* **TASK OBJECTIVE**: Starting from the line with "Nach einem erfrischenden", please copy exactly every line to the end of the listing, but not the pictures.

* **SOURCE DATA**:
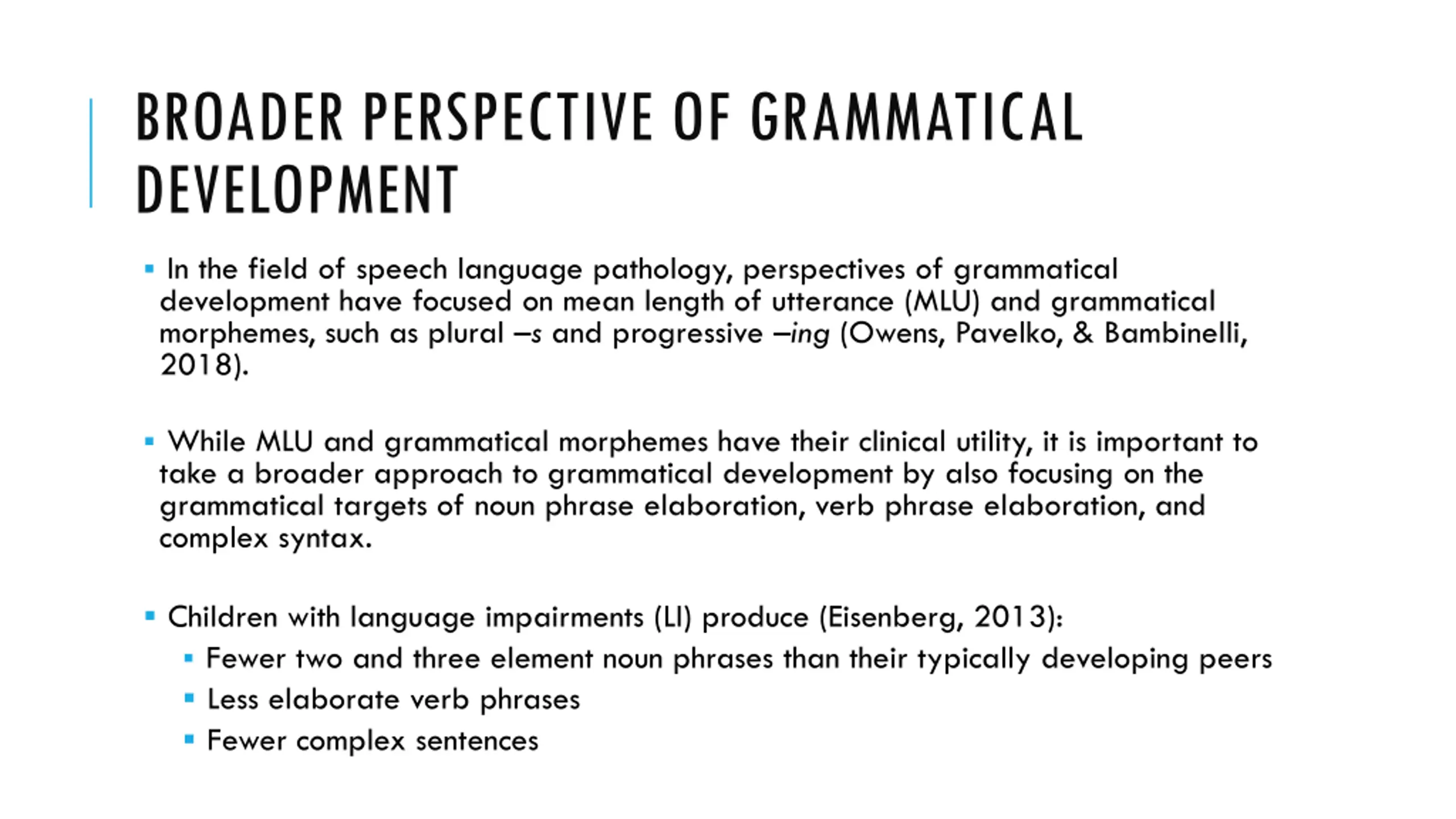 BROADER PERSPECTIVE OF GRAMMATICAL DEVELOPMENT In the field of speech language pathology, perspectives of grammatical development have focused on mean length of utterance (MLU) and grammatical morphemes, such as plural s and progressive ing (Owens, Pavelko, & Bambinelli, 2018). While MLU and grammatical morphemes have their clinical utility, it is important to take a broader approach to grammatical development by also focusing on the grammatical targets of noun phrase elaboration, verb phrase elaboration, and complex syntax. Children with language impairments (LI) produce (Eisenberg, 2013): Fewer two and three element noun phrases than their typically developing peers Less elaborate verb phrases Fewer complex sentences
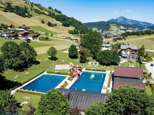 Nach einem erfrischenden Bad im Schwimmbad können sich die Kleinen auf dem Spielplatz austoben, während Eltern auf den Bänken entspannen und die Aussicht genießen.
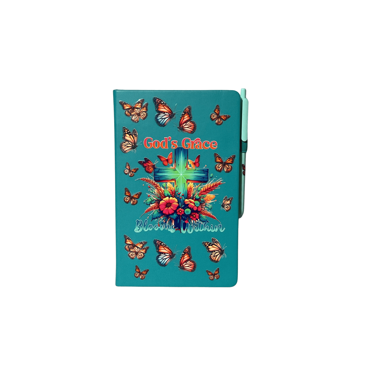 The “God’s Grace Blooms Within” bundle is a faith-filled reminder that growth, healing, and purpose start within. This coordinated journal and glass cup set features vibrant floral and butterfly artwork symbolizing renewal, grace, and transformation through Christ.

* **ANSWER BOX**:
 Nach einem erfrischenden Bad im Schwimmbad können sich die Kleinen auf dem Spielplatz austoben, während Eltern auf den Bänken entspannen und die Aussicht genießen.
 The “God’s Grace Blooms Within” bundle is a faith-filled reminder that growth, healing, and purpose start within. This coordinated journal and glass cup set features vibrant floral and butterfly artwork symbolizing renewal, grace, and transformation through Christ.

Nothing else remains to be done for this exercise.